Trian is Mondelez’s fourth-largest shareholder, with a 2.3 percent stake, according to Thomson Reuters data. Trian also owns 0.8 percent of PepsiCo.
Peltz last summer said PepsiCo was at a “strategic crossroads” due to changing consumer tastes and the rising importance of emerging markets, and outlined two scenarios for improving results.
Plan A was to merge PepsiCo with Mondelez to create a larger company with one of the most valuable brand portfolios in the world. Plan B called for Pepsi to split its snacks and beverages businesses - which would allow each to focus on operational improvements.
“Given that Pepsi’s not interested in Plan A, we are encouraging them to pursue Plan B,” Anne Tarbell, a spokeswoman for Peltz’s Trian Fund Management, told Reuters.
Peltz, 71, also has pushed Mondelez - whose performance has fallen short of investor expectations since it was split from Kraft in October 2012 - to manage its costs better, saying it could double earnings per share by doing so.
Peltz has been instrumental in numerous food and beverages mergers and divestitures at companies he believed were underperforming - including a series of deals that led to the creation of Mondelez.
Mondelez shares fell as much as 3.7 percent in morning trade on Tuesday as hopes for a deal with PepsiCo evaporated.
The shares were down 0.8 percent at $34.42 in afternoon trade on the Nasdaq, while PepsiCo shares were up 0.8 percent at $82.98 on the New York Stock Exchange.

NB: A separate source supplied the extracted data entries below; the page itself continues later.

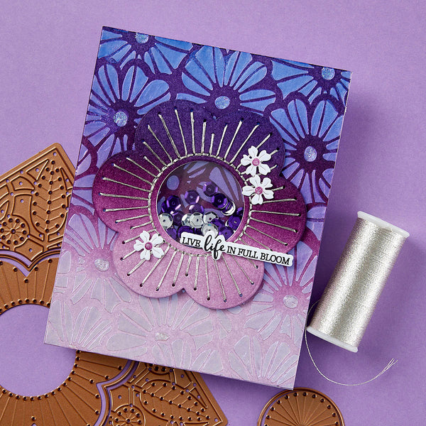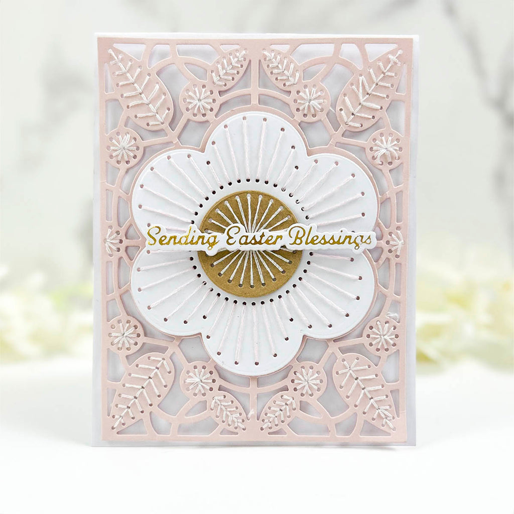 Stitched Floral Focal Card Front- Stitching Die of the Month Die this 5-piece die set released February 2024 to our Stitching Die of the Month Club creates a Spring cardfront for your seasonal cards. Use to create cards, décor, gift card holder, gifts, and more! Add stitching to have even more textures in crafts.
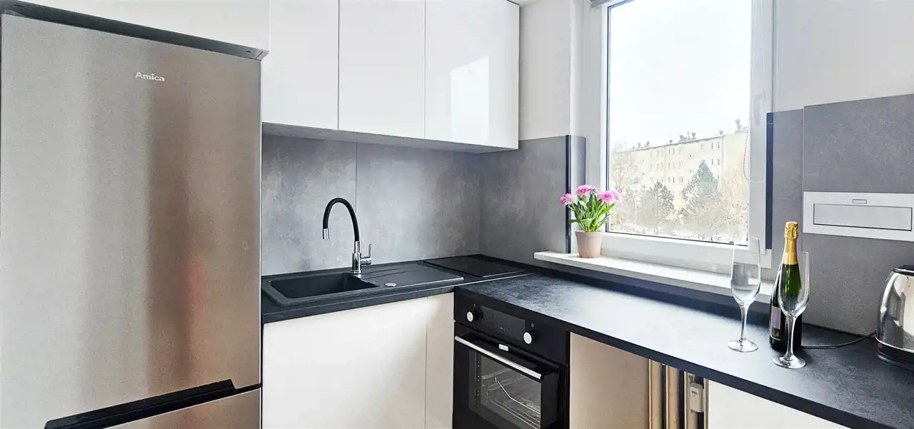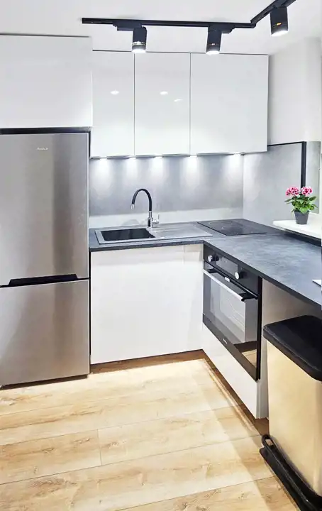 nowe meble kuchenne w zabudowie oraz nowy sprzęt AGD (lodówka, piekarnik, płyta indukcyjna, okap),
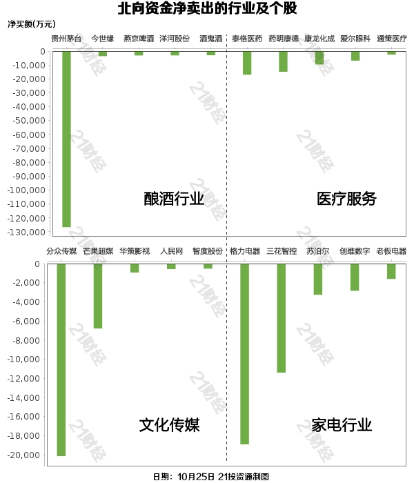北向资金减持了36个行业,其中酿酒行业最多,净卖出金额达7.80亿元,其次是医疗服务行业,净卖出3.56亿元。
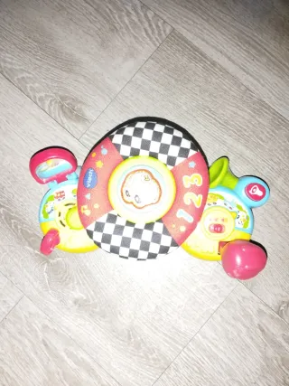 Volante interactivo para bebés de la marca Vtech. Diseñado para estimular el aprendizaje y la diversión. - Centro con diseño de tablero de ajedrez. - Incluye números y figuras. - Colores vivos y atractivos.
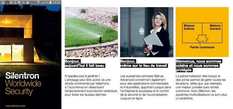 La nouvelle ligne Silenya Advanced convient pour les installations résidentielles, commerciales et industrielles. D’une capacité de 99 zones, contrôle et commande jusqu’à 32 automatismes, tant localement qu’à distance, avec une communication bidirectionnelle en mode mains libres et numérique, confirmations des commandes, vérification des événements à travers des prises de photos et ce grâce aux détecteurs spéciaux avec caméra intégrée. Connectable au réseau, programmable et gérable à distance via un PC, tablette, smartphone ou en ligne avec des communications très avancées adapter aux innovations techniques de demain, la mise à jour via le WEB, permet de conforte votre investissement de façon durable.
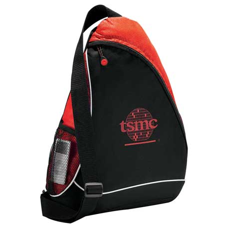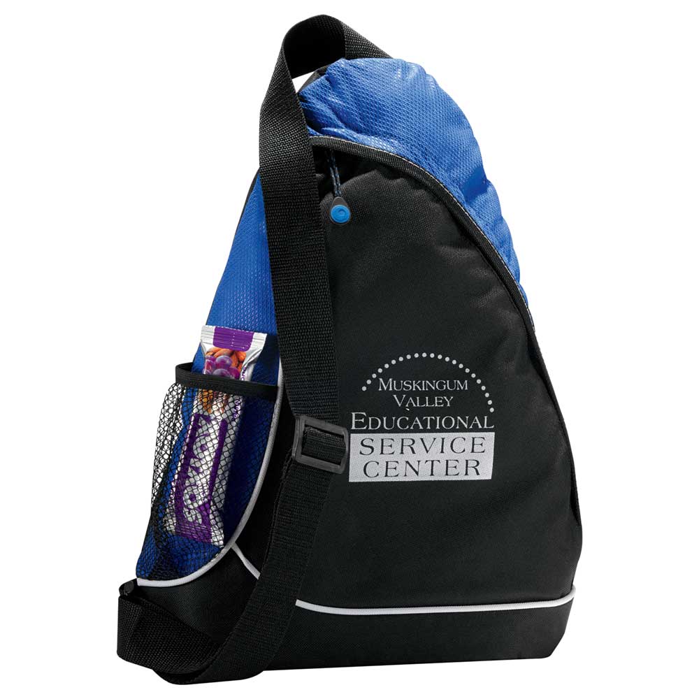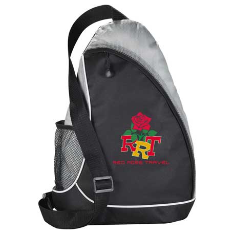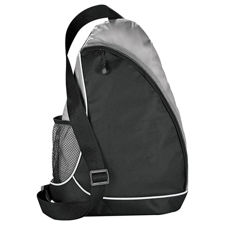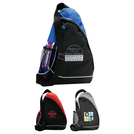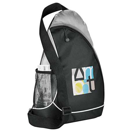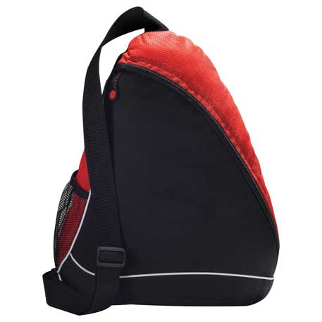 The Sling Shot Sling Backpack features a main zippered compartment, a side mesh water bottle pocket and an adjustable cross-over shoulder strap.

“While this may have been disappointing for some investors, we see this as a very amicable outcome that now allows the management team and board (at Mondelez) to focus on running the business,” Bernstein Research analyst Alexia Howard wrote in a note.
Adding Peltz to the Mondelez board increased its size to 12, with 11 directors independent.
The move also eliminated the risk of an expensive and lengthy proxy battle, J.P. Morgan analyst Ken Goldman said in a note.
Peltz helped orchestrate the 2008 spinoff of Dr Pepper Snapple Group from Cadbury, Kraft’s purchase of Cadbury, and the subsequent breakup of Kraft into Mondelez and Kraft Foods Group Inc.
In addition to Mondelez and PepsiCo, Peltz’s New York-based hedge fund’s top five holdings include Wendy’s Co, Family Dollar Stores Inc and Ingersoll-Rand Plc.